Total revenues during this period were pegged at £14.5bn, which is a 0.4% plunge compared with the year ending March 2018. Of this statistic, online gambling took a lion’s share of nearly 39%, with revenues amounting to £5.6bn. Online casinos saw £3bn revenues, of which about two-thirds came from slots.
Online sports betting was estimated to be at the £2.1bn mark, roughly the same as the preceding period. Overall, online betting rose 3.7%. This was mainly because of a 21% rise in exchange betting up to £342m, and bingo revenues increasing 7.6% up to £177m.
Next in the rankings were retail bookmakers stores, which boasted of revenues amounting to £3.2bn. This was a fall of about £94m from the last reported period. The chief portion of these revenues – 59% – comes from gaming machines.
Gaming machines had a small drop of £5.6m, a downward trend expected to last after the recent clampdown on fixed odds betting terminals (FOBTs). The government cut down the maximum stake on FOBTs on April 1, 2019, from £100 to £2. This measure was established to help problem gamblers as FOBTs have proven to be very addictive.

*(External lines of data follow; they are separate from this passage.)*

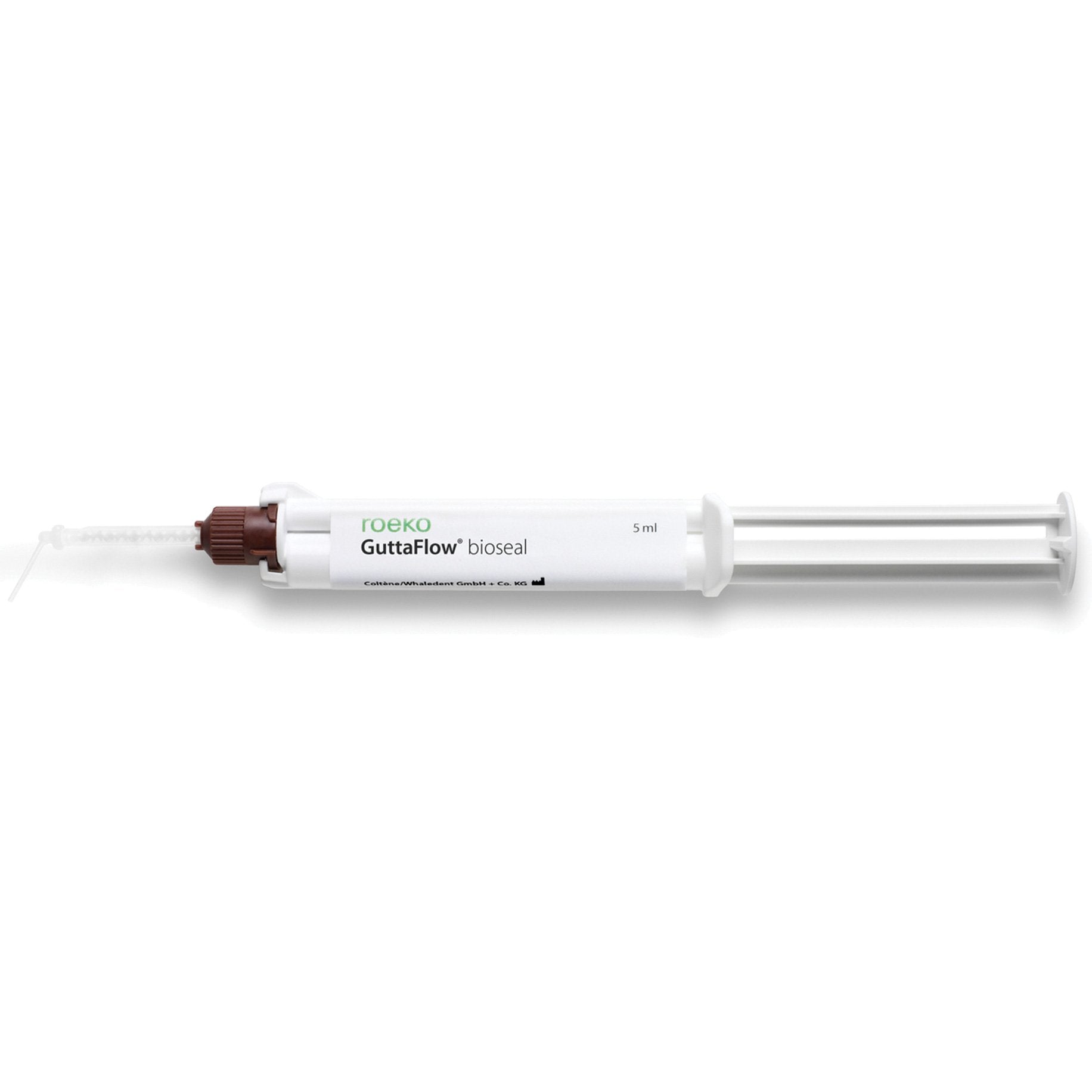 Revised formulation of Guttaflow Bioseal - no longer contains silver. Reliable cold filling system for root canals Gutta-percha and sealer in a single application GuttaFlow 2 is an innovative filling system for root canals that combines two products in one: gutta-percha in powder form with a particle size of less than 30 µm, and sealer. This new filling system works with cold free-flow gutta-percha. Upon contact with fluids, it provides bioactive material such as calcium and silicate and activates biochemical processes. By formation of hydroxylapatite crystals the bioactive material supports adhesion and regeneration of bone and dentin tissue. Benefits:- Combines free-flow gutta-percha with a sealer and bio ceramic at room temperature. Uncomplicated, easy flowing filling material. Tight seal. Working time: 5 minutes; Curing: 12 – 16 minutes. Excellent radiopacity. Allows for excellent post preparation Solubility is virtually zero Optimum protection against re-infection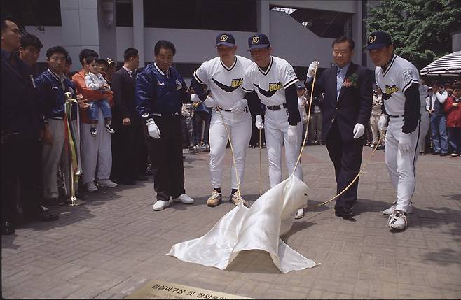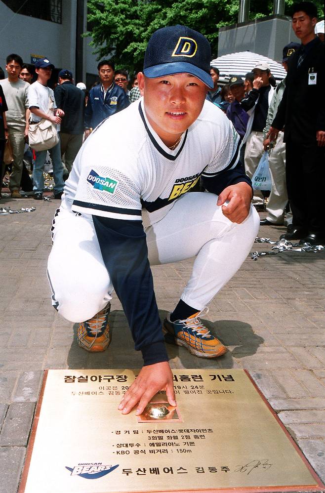 두산 구단은 이를 기념하기 위해 동판 제작에 나섰다. 그리고는 17일 뒤인 2000년 5월 21일 동판 제막식을 열었다. 주인공 김동주는 물론 두산 강건구 사장과 곽홍규 단장, 김인식 감독, 주장 김태형 등이 참석해 잠실구장과 잠실종합운동장역 사이에 설치된 동판 앞에서 행사를 치렀다.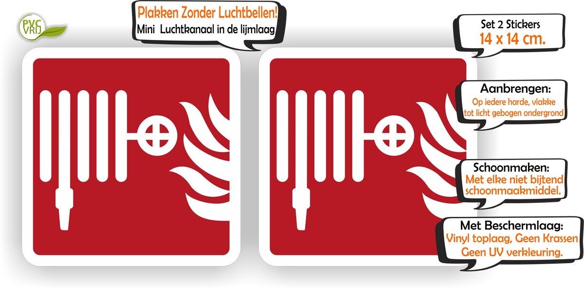 Randveiligheidstickers, veiligheidspictogram brandslang, brandpreventiesticker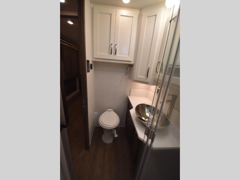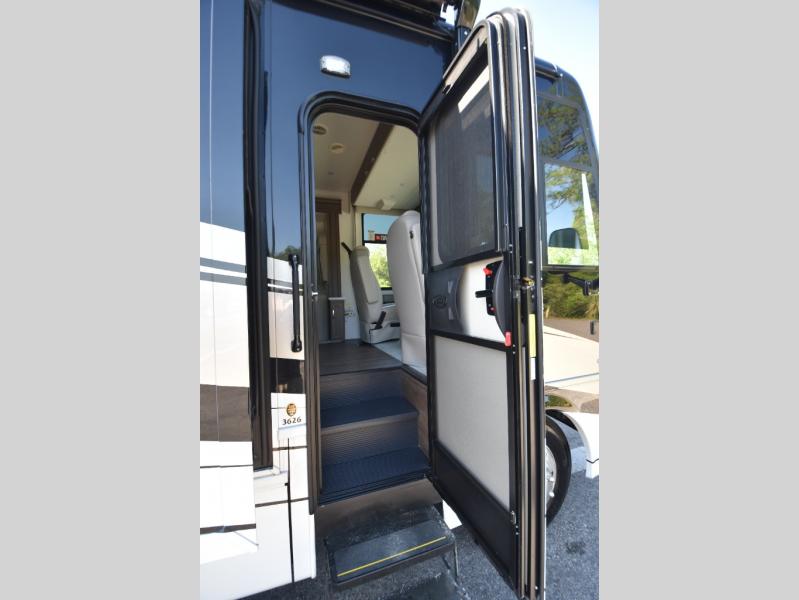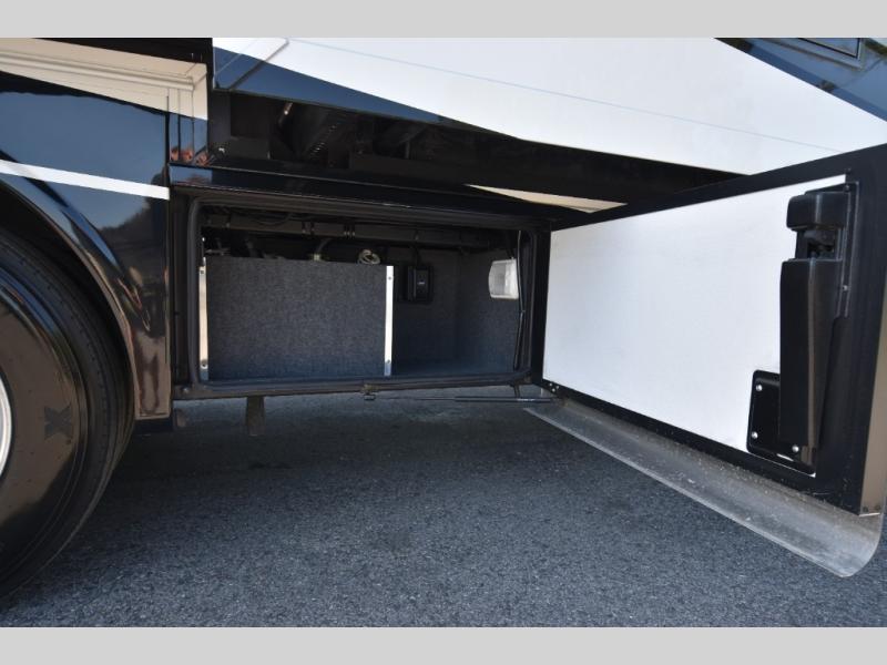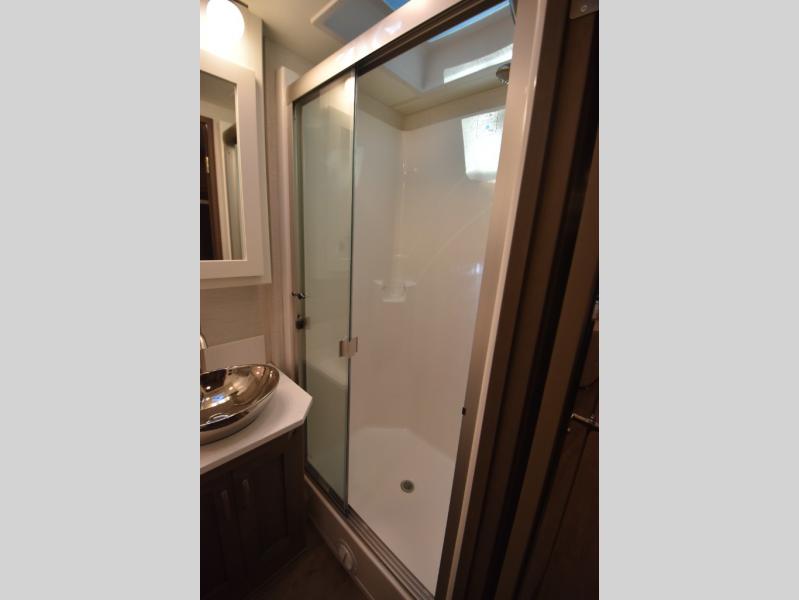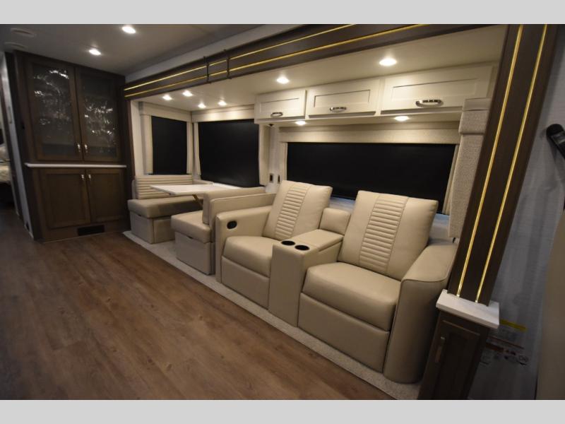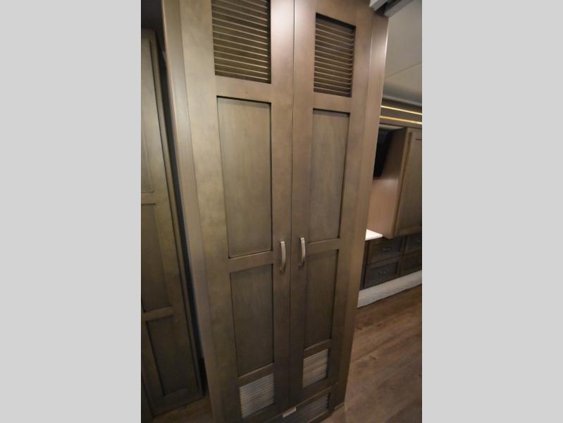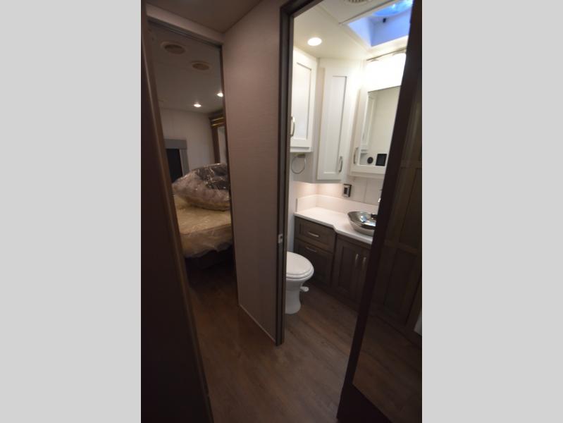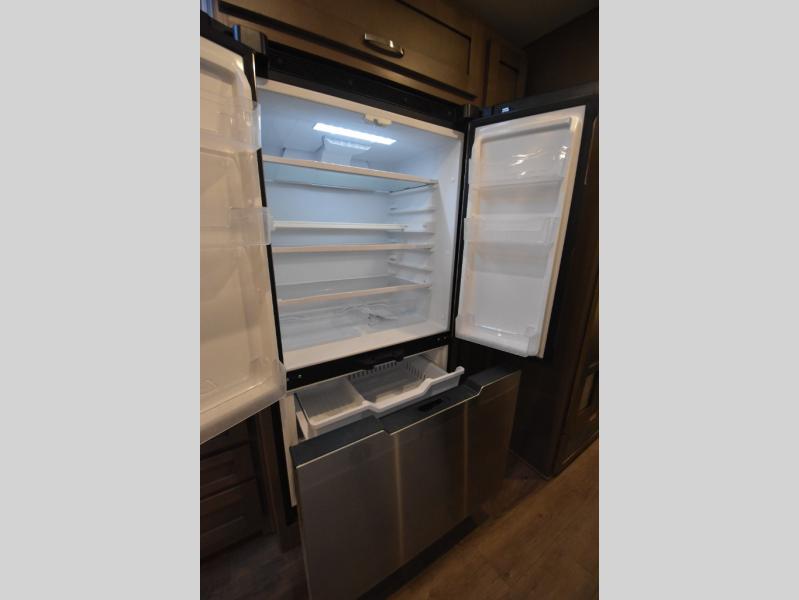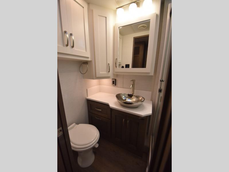 Four slide outs make this motorhome both spacious and comfortable for all your excursions! The USB charger at the passenger area will be a big plus if you need to telecommute on the way to the campground, and your guests can stay comfortable on the two comfort lounge sofas or the booth dinette. This model includes a wardrobe right across from the full bath that can be optioned out for an optional Splendide stacked washer and dryer, and the rear private bedroom will feel just like home with its king bed and shirt wardrobe. There is even a bedroom LED TV, along with the living room LED TV on power lift!

Retail bookmakers will likely see a considerable drop in revenues as a result of this move, with some firms saying they will have to shut down many stores. There are already 500 fewer FOBTs in operation since the last recorded period. In all, there are 33,190 FOBTs in operation, which is the lowest level in the last seven years.
The number of retail stores also dipped, dropping to 8,423 locations from an earlier figure of 8,555. This is a substantial decrease from the all-time high of 9,128 in March 2012. Most of the closures came from Gala Coral and Ladbrokes, both of which operate under GVC Holdings.
National Lottery figures were virtually the same, with gross yields of £3bn. Physical casino yield dropped 11.4% down to £859m. The primary reason for this drop was due to an almost 40% dip in baccarat revenues. Physical bingo yield fell 1% down to £355m, with virtual betting dropping 4.2% down to £81.8m.
The UKGC has clamped down on different fronts of late, after convincing the government to cut down stakes for FOBTs. It is now endorsing awareness of problem gambling and social responsibility. It has seen a rise in the number of self-excluders of almost 11%.
The number of people choosing self-exclusion is now more than 1.5 million. There was a 28% increase in age verification checks by operators, compared with the last documented period, Age checks are part of a crackdown on underage gambling. Recent stats indicate worrying trends involving the gambling habits of young people.
There are already voluntary advertising limitations during sports broadcasts, but there have been demands to extend them more. There is pressure on sports teams to halt their kit sponsorship deals with gambling companies.
And finally, demands are increasing for the foreword of a mandatory levy on gambling operators to help fund addiction programs. The current voluntary set-up is not proving to be very efficient, with many operators sidestepping paying contributions.